» **What you have to do**
In the records below, repeat exactly the lines between the line holding "Roomy enough to" and the line holding "At the rear", inclusive, and drop the pictures.

» **Given information**
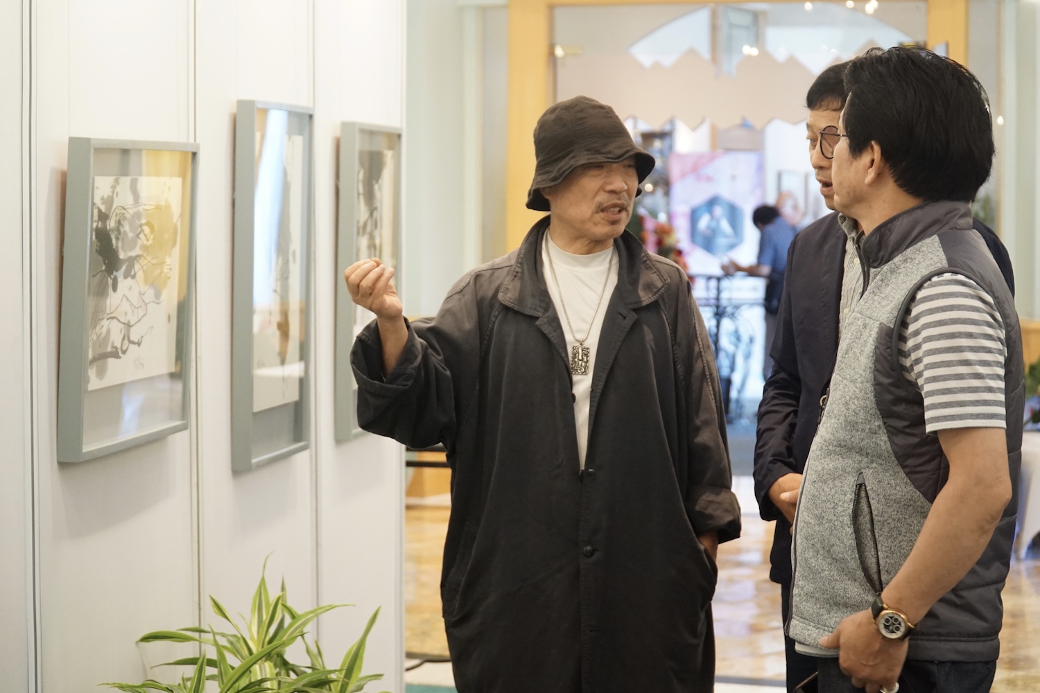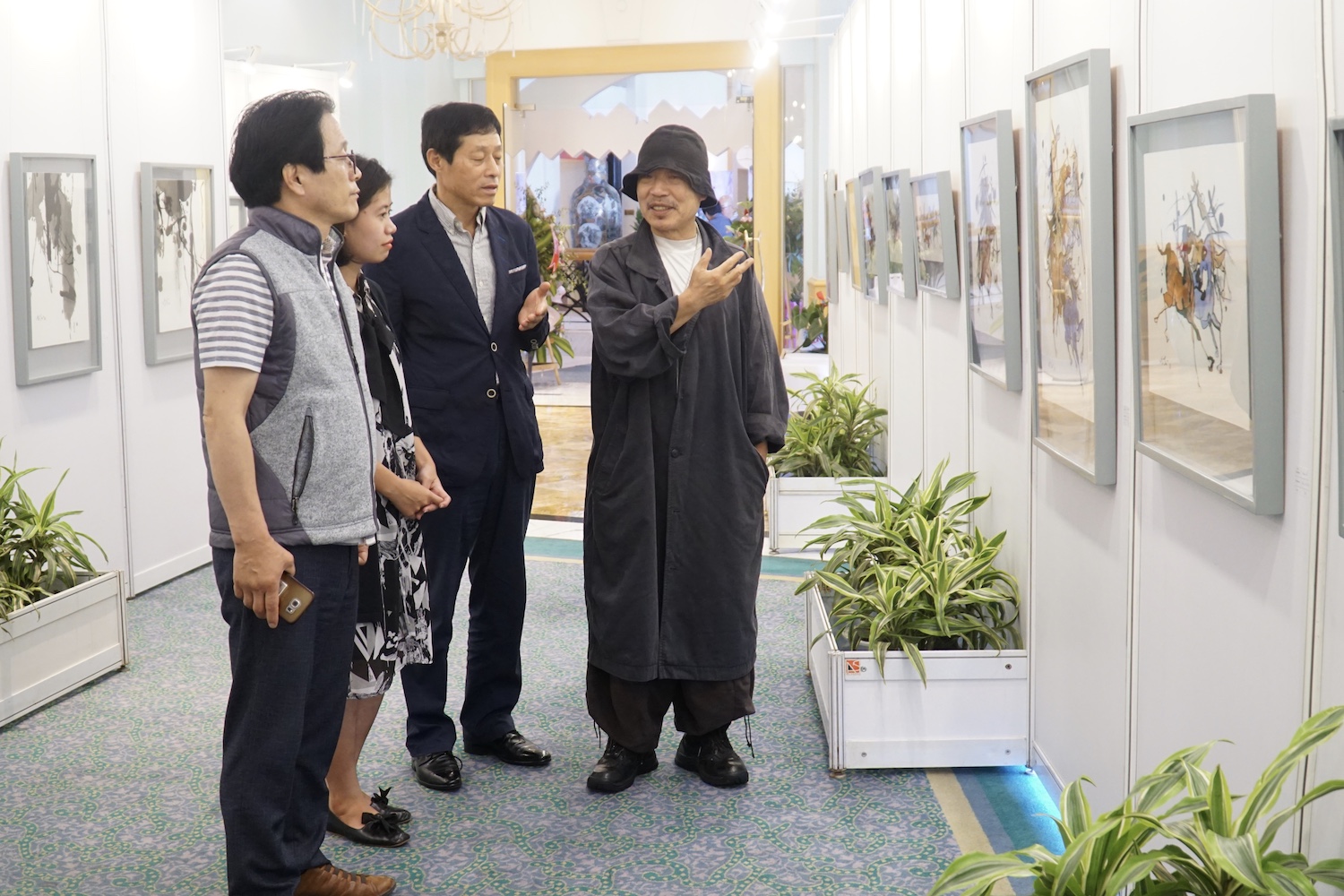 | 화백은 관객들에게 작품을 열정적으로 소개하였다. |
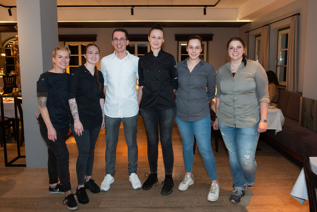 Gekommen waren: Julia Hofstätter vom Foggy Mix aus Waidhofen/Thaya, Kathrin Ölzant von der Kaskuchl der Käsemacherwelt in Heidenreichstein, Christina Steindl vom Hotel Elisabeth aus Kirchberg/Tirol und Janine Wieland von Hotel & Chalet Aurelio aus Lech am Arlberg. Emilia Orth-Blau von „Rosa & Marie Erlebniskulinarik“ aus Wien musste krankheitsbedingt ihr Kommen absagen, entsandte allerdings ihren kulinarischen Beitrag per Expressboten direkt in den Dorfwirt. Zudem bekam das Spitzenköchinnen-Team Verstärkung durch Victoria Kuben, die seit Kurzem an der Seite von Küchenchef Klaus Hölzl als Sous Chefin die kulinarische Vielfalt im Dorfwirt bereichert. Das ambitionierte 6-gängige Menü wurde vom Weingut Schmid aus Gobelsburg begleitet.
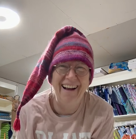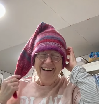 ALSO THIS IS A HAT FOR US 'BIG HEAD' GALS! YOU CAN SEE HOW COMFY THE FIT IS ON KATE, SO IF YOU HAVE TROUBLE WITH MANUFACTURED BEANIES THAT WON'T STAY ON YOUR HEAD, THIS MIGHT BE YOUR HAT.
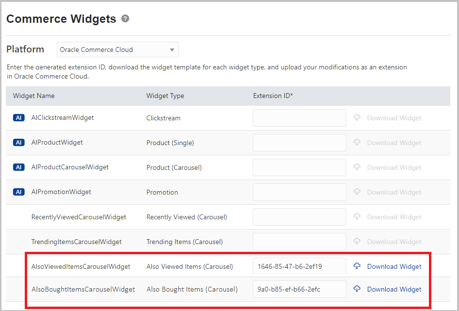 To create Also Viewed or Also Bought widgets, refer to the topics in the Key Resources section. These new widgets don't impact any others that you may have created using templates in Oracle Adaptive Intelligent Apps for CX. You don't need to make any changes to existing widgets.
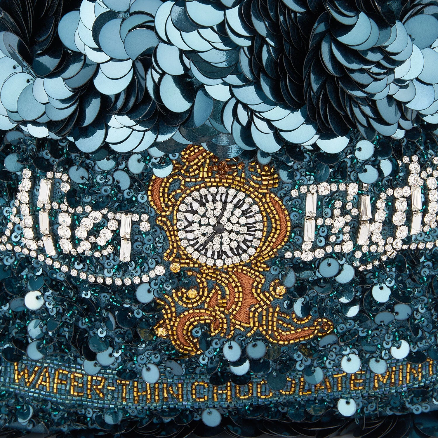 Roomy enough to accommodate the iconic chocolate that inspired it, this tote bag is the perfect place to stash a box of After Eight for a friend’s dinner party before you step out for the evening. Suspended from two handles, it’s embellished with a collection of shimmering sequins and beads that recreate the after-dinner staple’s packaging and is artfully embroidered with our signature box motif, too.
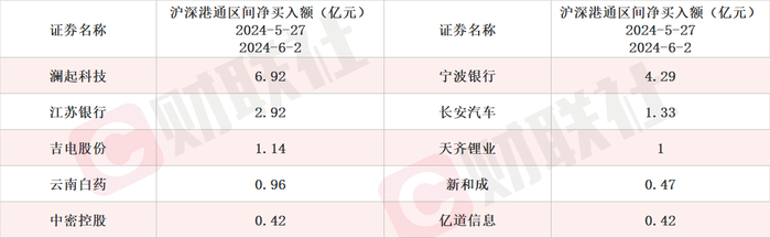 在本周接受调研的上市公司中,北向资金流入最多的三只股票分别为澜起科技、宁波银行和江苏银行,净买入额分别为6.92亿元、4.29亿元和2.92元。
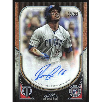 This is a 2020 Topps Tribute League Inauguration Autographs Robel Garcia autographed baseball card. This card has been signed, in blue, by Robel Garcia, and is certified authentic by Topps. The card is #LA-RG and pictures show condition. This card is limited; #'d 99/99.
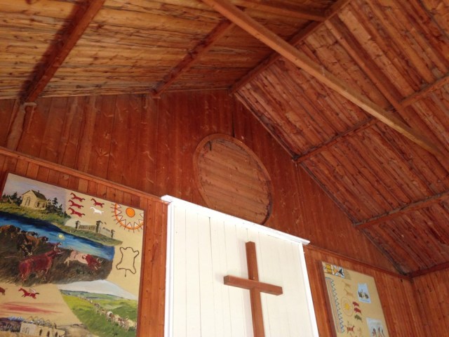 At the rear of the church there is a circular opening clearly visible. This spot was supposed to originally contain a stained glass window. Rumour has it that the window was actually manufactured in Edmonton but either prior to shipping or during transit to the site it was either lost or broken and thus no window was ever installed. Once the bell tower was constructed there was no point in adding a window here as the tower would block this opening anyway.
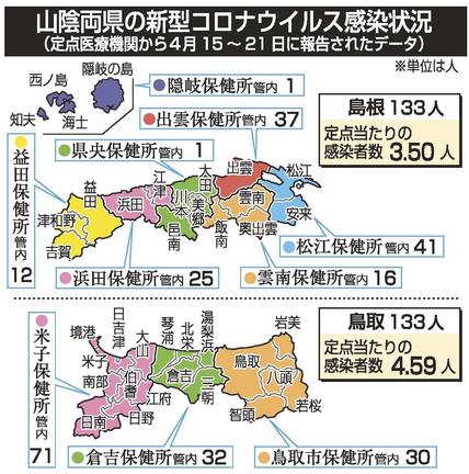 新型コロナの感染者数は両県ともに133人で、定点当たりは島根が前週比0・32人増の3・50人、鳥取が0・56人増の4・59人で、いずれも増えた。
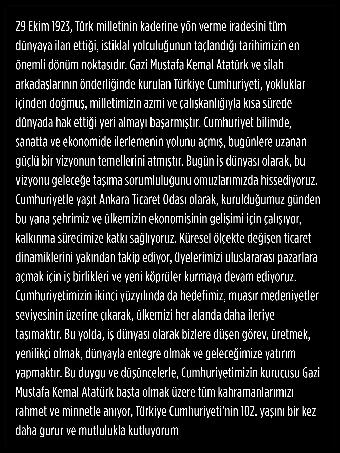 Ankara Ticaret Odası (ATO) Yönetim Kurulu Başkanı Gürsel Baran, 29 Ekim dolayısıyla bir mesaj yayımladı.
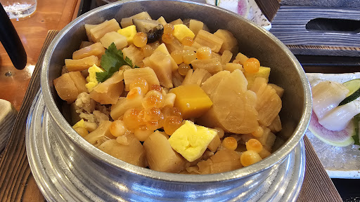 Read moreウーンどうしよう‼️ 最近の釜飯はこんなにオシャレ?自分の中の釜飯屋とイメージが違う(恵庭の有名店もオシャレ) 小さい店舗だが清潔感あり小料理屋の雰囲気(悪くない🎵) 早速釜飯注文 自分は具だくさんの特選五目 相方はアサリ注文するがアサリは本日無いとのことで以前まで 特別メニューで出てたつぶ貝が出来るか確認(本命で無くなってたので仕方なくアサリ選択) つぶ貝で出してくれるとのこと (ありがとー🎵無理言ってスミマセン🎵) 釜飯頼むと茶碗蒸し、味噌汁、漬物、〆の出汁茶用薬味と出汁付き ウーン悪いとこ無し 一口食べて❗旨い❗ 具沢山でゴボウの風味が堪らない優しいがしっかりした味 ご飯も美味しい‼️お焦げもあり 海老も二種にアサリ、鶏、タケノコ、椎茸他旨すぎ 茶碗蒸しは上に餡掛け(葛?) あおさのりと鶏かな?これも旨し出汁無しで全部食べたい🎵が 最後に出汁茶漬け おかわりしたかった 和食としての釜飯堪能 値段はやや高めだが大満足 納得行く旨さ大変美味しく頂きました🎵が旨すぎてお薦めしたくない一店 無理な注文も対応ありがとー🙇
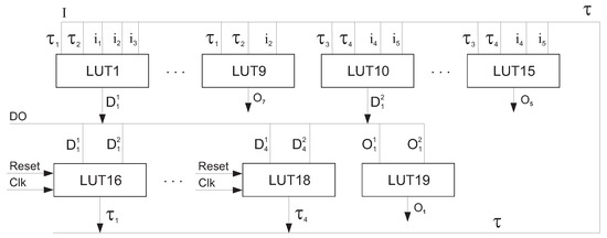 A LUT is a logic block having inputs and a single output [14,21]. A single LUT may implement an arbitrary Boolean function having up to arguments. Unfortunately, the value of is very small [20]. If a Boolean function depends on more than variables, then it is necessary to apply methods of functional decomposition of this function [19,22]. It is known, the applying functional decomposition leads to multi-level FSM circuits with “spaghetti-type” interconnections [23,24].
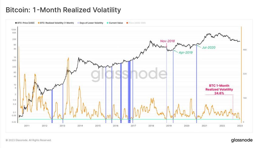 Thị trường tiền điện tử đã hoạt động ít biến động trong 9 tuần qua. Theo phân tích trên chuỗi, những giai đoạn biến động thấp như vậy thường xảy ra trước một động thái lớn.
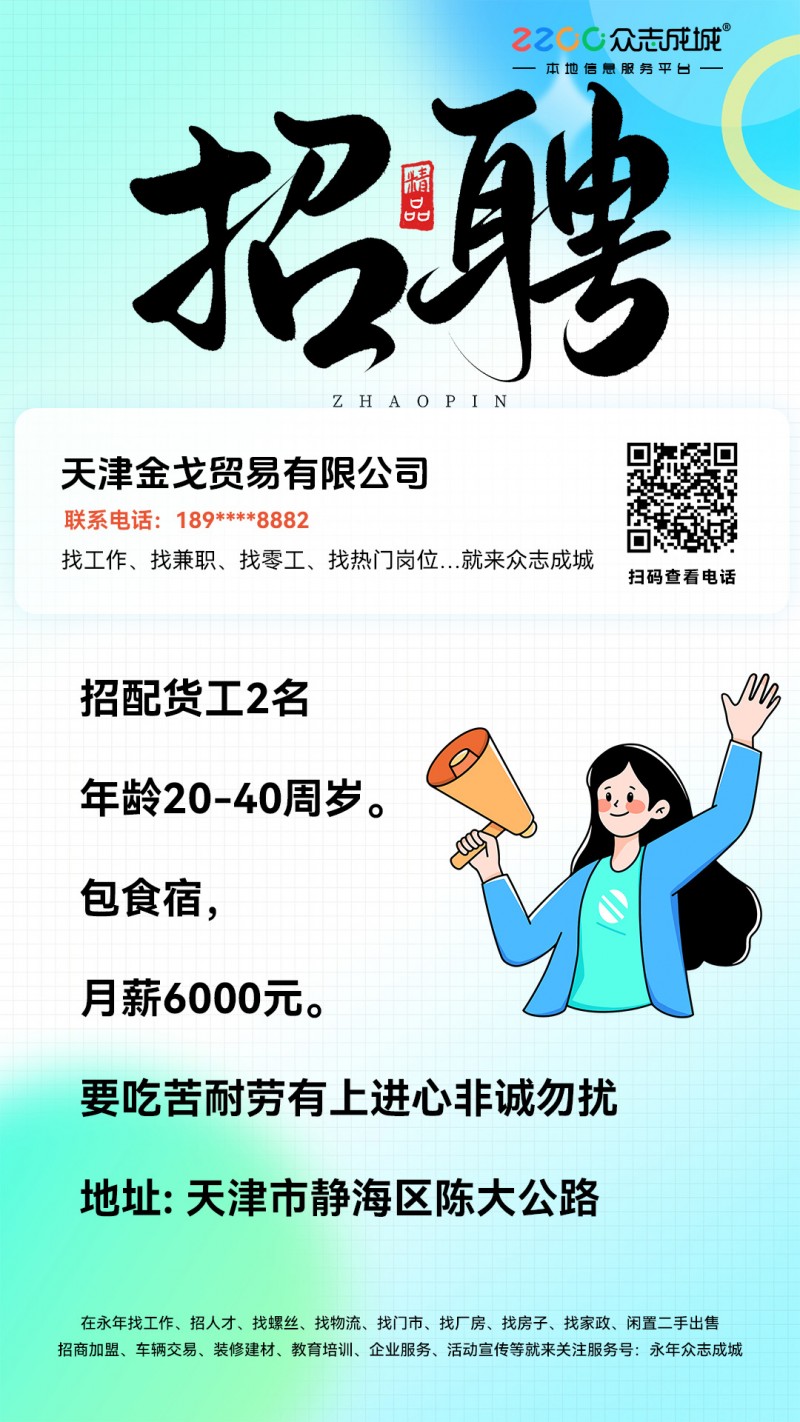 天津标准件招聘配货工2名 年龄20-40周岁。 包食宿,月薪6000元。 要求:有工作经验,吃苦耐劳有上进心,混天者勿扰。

» **Problem solution**
 Roomy enough to accommodate the iconic chocolate that inspired it, this tote bag is the perfect place to stash a box of After Eight for a friend’s dinner party before you step out for the evening. Suspended from two handles, it’s embellished with a collection of shimmering sequins and beads that recreate the after-dinner staple’s packaging and is artfully embroidered with our signature box motif, too.
 在本周接受调研的上市公司中,北向资金流入最多的三只股票分别为澜起科技、宁波银行和江苏银行,净买入额分别为6.92亿元、4.29亿元和2.92元。
 This is a 2020 Topps Tribute League Inauguration Autographs Robel Garcia autographed baseball card. This card has been signed, in blue, by Robel Garcia, and is certified authentic by Topps. The card is #LA-RG and pictures show condition. This card is limited; #'d 99/99.
 At the rear of the church there is a circular opening clearly visible. This spot was supposed to originally contain a stained glass window. Rumour has it that the window was actually manufactured in Edmonton but either prior to shipping or during transit to the site it was either lost or broken and thus no window was ever installed. Once the bell tower was constructed there was no point in adding a window here as the tower would block this opening anyway.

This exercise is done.